# ACTION ITEM
Pictures excluded, output the lines of the data below between the one holding "Sometimes the simple" and the one holding "7 Stock Certificates", inclusive, exactly as they stand.
*** GIVEN INFORMATION Section Begins ***
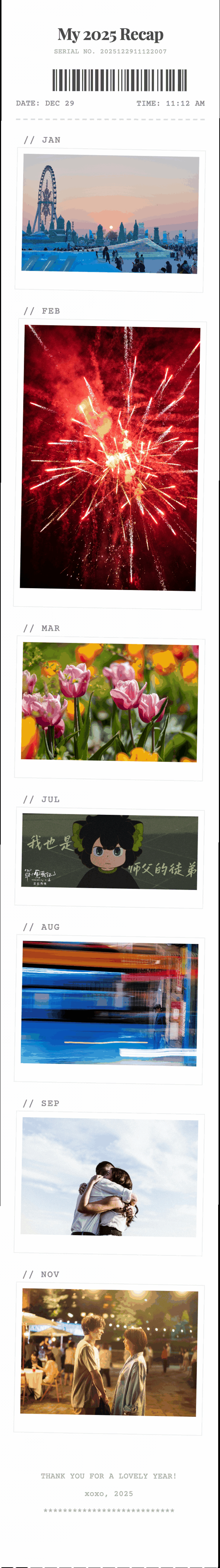 给每个月上传一张图片,如果没有,也可以不用上传,然后它就会慢慢吐出一张我们的年度照片小票。
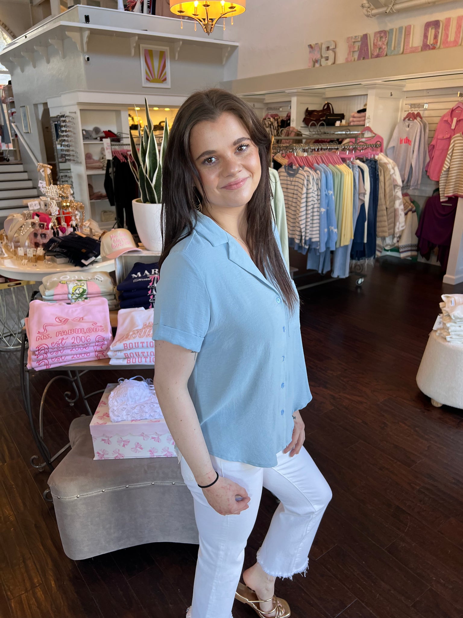 Sometimes the simple styles are the best and the Melissa is just that! Featuring a button front style with collar, short sleeves and simple styling. The fit is slightly cropped and the fabric is lightly textured.
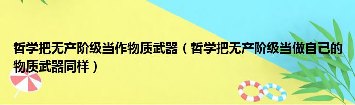 大家好,今天小六子来为大家解答以下的问题,关于哲学把无产阶级当作物质武器,哲学把无产阶级当做自己的物质武器同样这个很多人还不知道,现在让我们一起来看看吧!
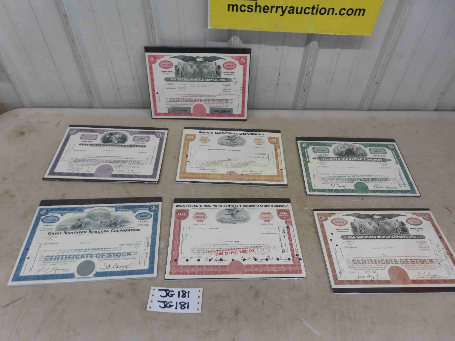 7 Stock Certificates ; 2 Pan American World Airlines, Atlantic Richfield Company, Pennsylvania New York Central, Great Northern Nekoosa, Penn Central, Gulf States Utilities
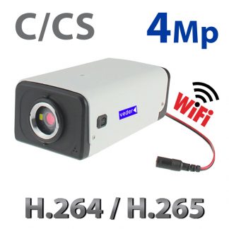 Box camera IP 4Mp, sensore CMOS 1/3". Ottica C/CS. D/N meccanico. Compressione H.265/H.264/MJPEG/AVI. ONVIF 2.4. P2P. WIFI. Allarmi 1in/1out. Audio 1in/1out. RS485. Slot per Micro SD card. Uscita video CVBS per regolazioni da momitor. Temperatura di lavoro -20°...+60°C. Dimensioni LxHxP 79x57x142mm. Peso 585g. Alimentazione 12Vcc, 500mA.
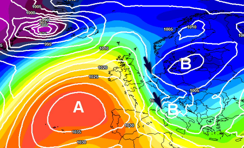 Nei giorni successivi sembrerebbe al momento mancare la frenata giusta della grande corrente occidentale che governa il tempo europeo, quella che consentirebbe l’ingresso di una saccatura in grado di determinare un severo peggioramento, in un simile contesto l’anticiclone seguiterà a fare azione di disturbo limitando l’ingresso dei fronti a veloci sfuriate da nord, come vediamo qui tra lunedì 23 e martedì 24 dicembre:
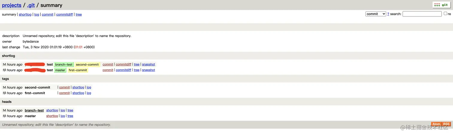 上图中description字段对应的内容就是 .git/description 文件中记录的内容。
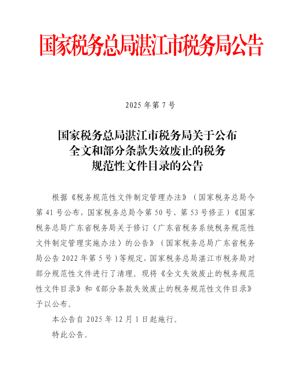 关于《国家税务总局湛江市税务局关于公布全文和部分条款失效废止的税务规范性文件目录的公告》的解读
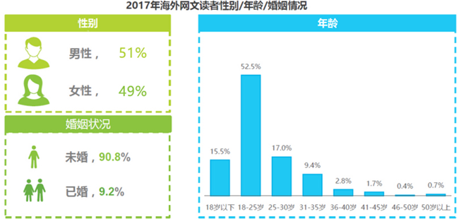 根据同类产品调研结果显示,性别方面,男女差距不大,但目前中大部分参与者的市场定位集中于男性用户,针对女性的网文翻译网站较少;婚姻方面,网文读者未婚人群显著高于已婚人群;而在读者年龄方面,30岁以下的读者覆盖了85.0%。这表明海外市场目前也正处于市场起步阶段。
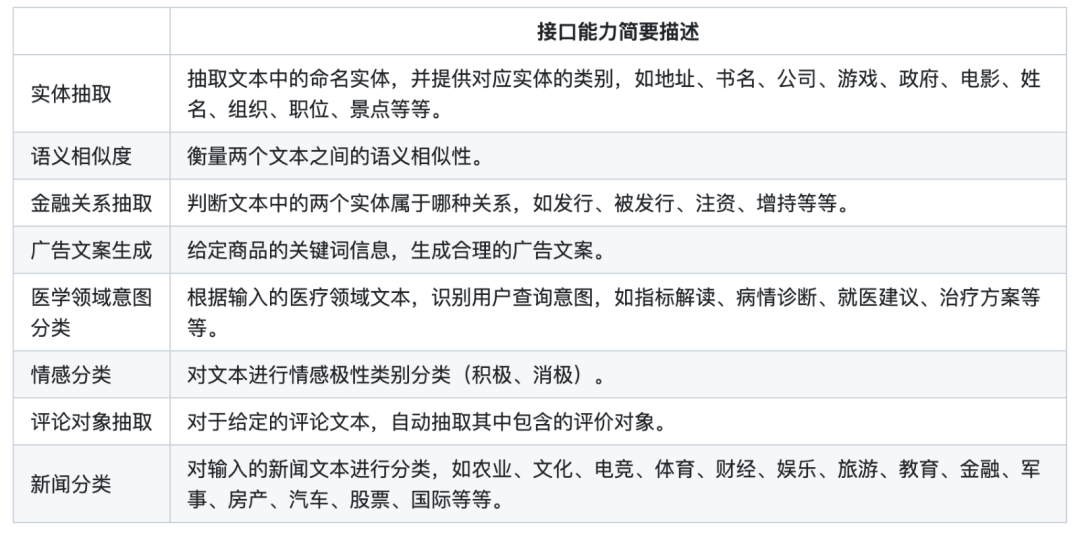 Mengzi Zero-Shot 项目提供的 SDK 目前已支持八项任务(涵盖了情感分类、新闻分类、文本相似度、实体抽取、金融实体关系抽取、评论对象抽取、广告文案生成、医疗领域意图识别等),具体信息详见 Github 项目文档。
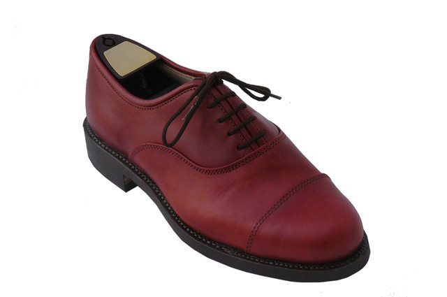 Zapato modelo inglés piel color burdeos con puntera piso suela
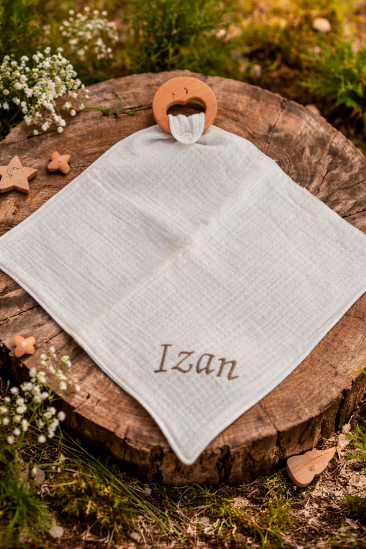 Set mordedor de madera de haya y gasa muselina con mordedor a juego para bebé
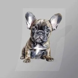 A great Sitting Puppy Pug DTF (Direct to Film) Transfer available in multiple sizes. (Beased on width at artwork aspect ratio)
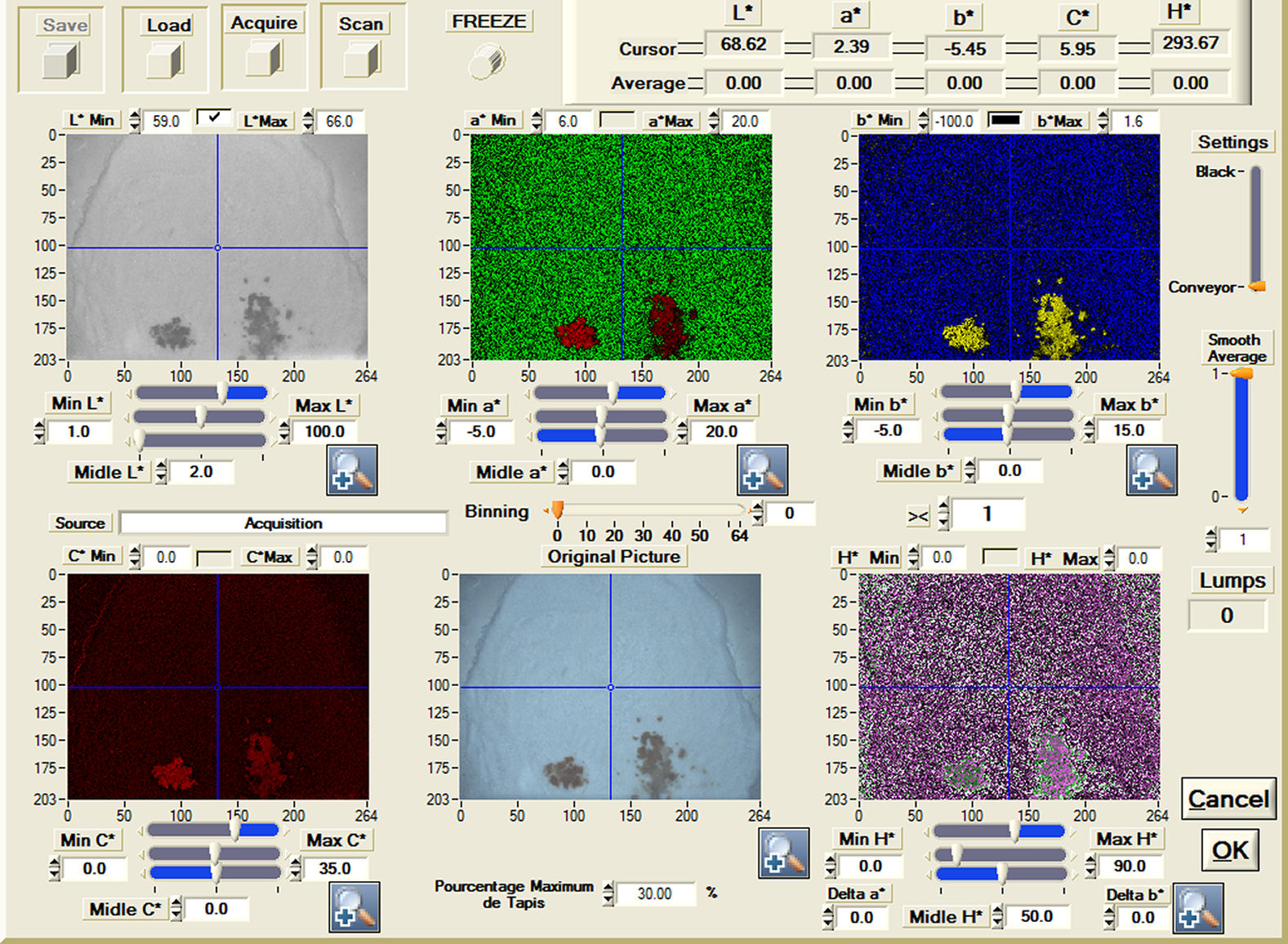 The video of the wet or dry sugar is continuously displayed with the color trend of each centrifugal and the global trend of the full production. The software automatically detects out of specification objects and can trigger alarms or even deviate the sugar to avoid contaminating the dryer or the silos.
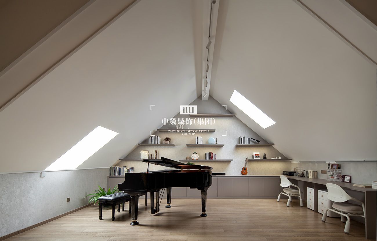 ①三楼:顶楼呈斜尖之状,大梁林立。设计之时,将那光线黯淡之处精心打造成储物间以及小朋友们的神秘基地。而光线充沛之所,则摇身一变,成为小型音乐厅、书房与会客区域。姐姐轻抚钢琴,妹妹拉动小提琴,一场别开生面的小型音乐会便在此处缓缓拉开帷幕。
*** GIVEN INFORMATION Section Ends ***
# SOLUTION TO THIS PROBLEM
 Sometimes the simple styles are the best and the Melissa is just that! Featuring a button front style with collar, short sleeves and simple styling. The fit is slightly cropped and the fabric is lightly textured.
 大家好,今天小六子来为大家解答以下的问题,关于哲学把无产阶级当作物质武器,哲学把无产阶级当做自己的物质武器同样这个很多人还不知道,现在让我们一起来看看吧!
 7 Stock Certificates ; 2 Pan American World Airlines, Atlantic Richfield Company, Pennsylvania New York Central, Great Northern Nekoosa, Penn Central, Gulf States Utilities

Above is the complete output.